算法原理:(按照程序思路来,当然其中很多可以改进的地方)
第一步:
先进行距离变换(这类问题都是要通过几何操作进行,距离变换就是几何距离)
第二步:
先找全局可能最大值,然后对图像进行标记
全局可能最大值是基础,3X3核在图像上滑动去找全局可能最大值。标记是为了掩膜操作更方便,你看opencv很多函数都有掩膜,PS上面也有那个白色的膜。

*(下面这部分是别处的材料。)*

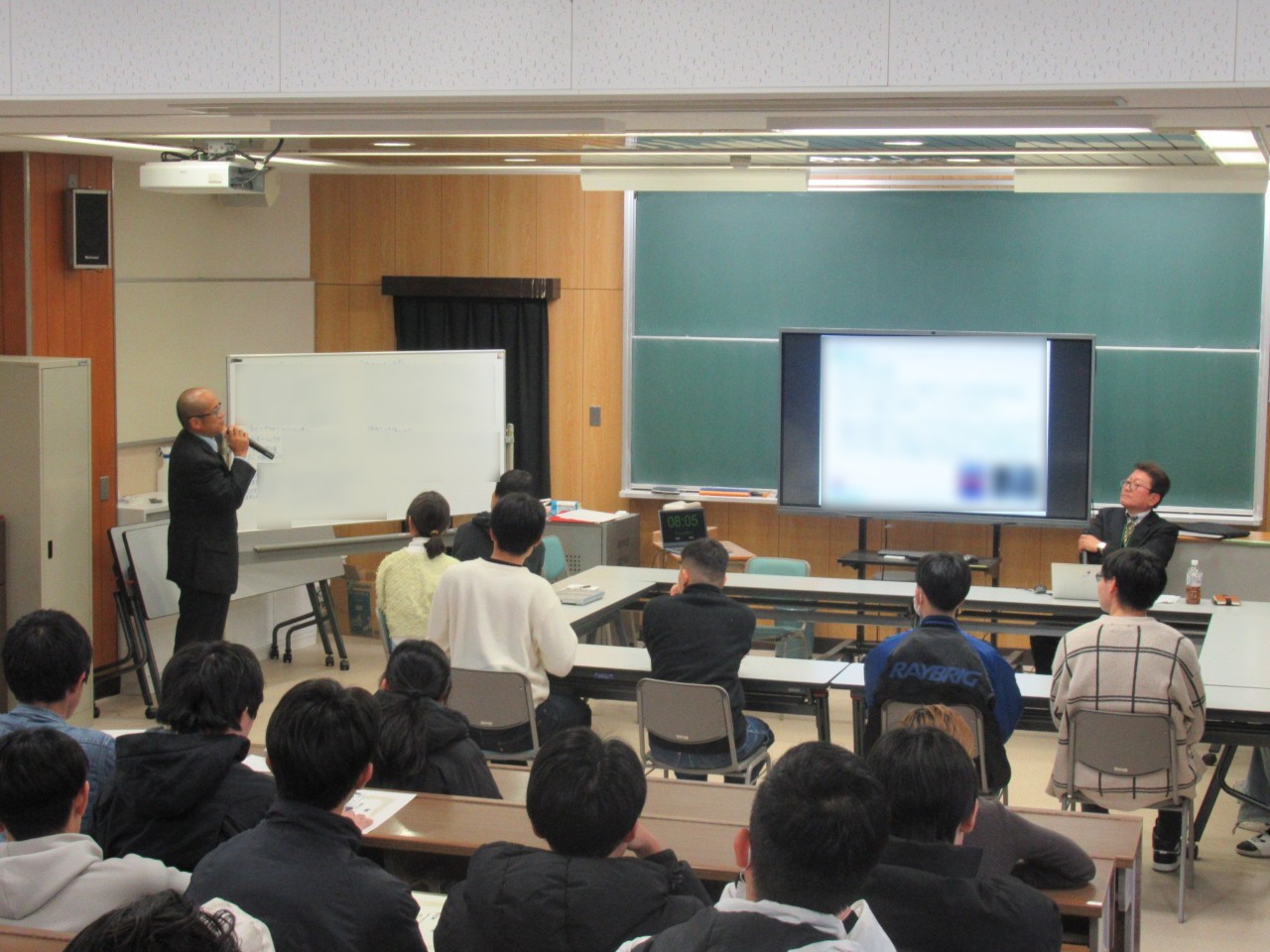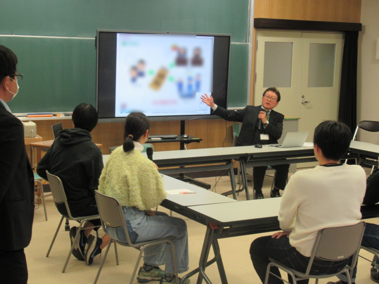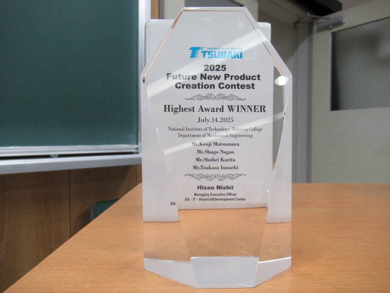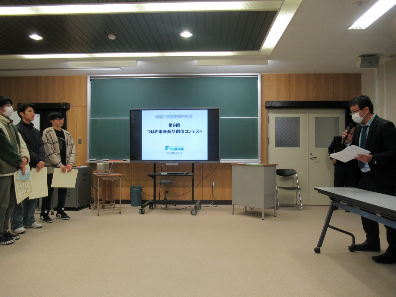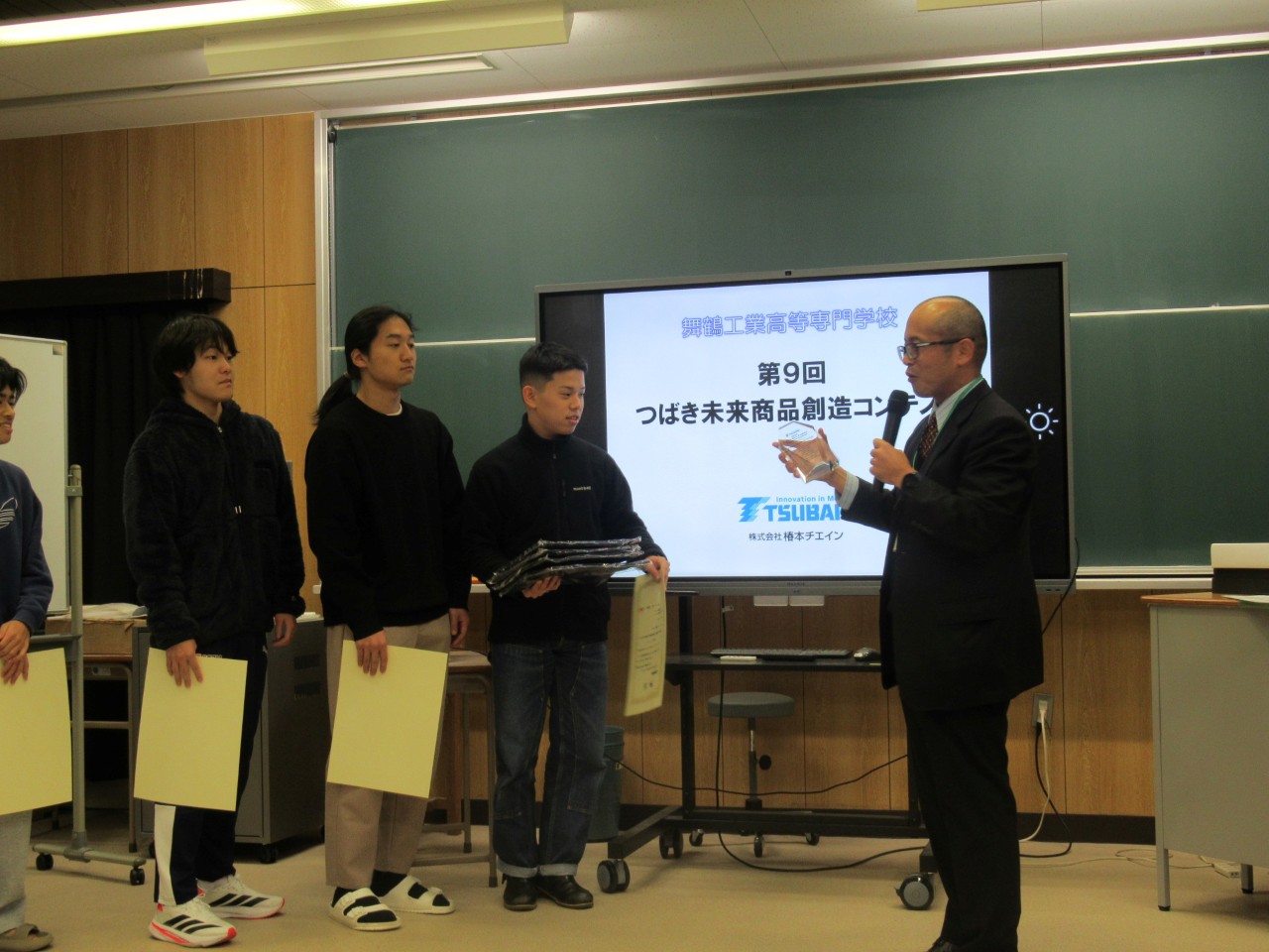 2025年12月3日に「第9回つばき未来商品創造コンテスト」(授業協力:株式会社椿本チエイン)の表彰式が行われました。「ゴミ問題」について、「人・社会を幸せにする未来新商品の創造」というテーマで優れた商品提案を行った4つの班が表彰されました。表彰式後は、各班の代表者が集まり、「人・社会を幸せにする商品に自動化をどのように活用するか?」というテーマで討論会を行いました。
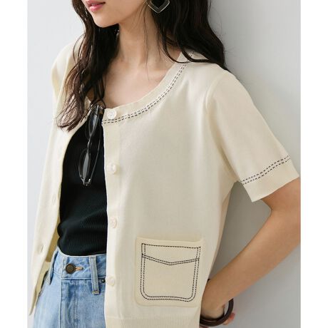 ステッチがアクセントになったクルーネックのニットカーディガン。

图片结果是:背景和最大值标记3,前景标记1,图像边界标记0(为了防止越界)
貌似下面的图片显示有问题,matploylib的显示有时候确实有问题,Debug的时候就和显示不一样,没关系这一步比较简单。
第三步:
对全局可能最大值进行排除,这一步是程序核心!这里以求最大值为例,最小值相反。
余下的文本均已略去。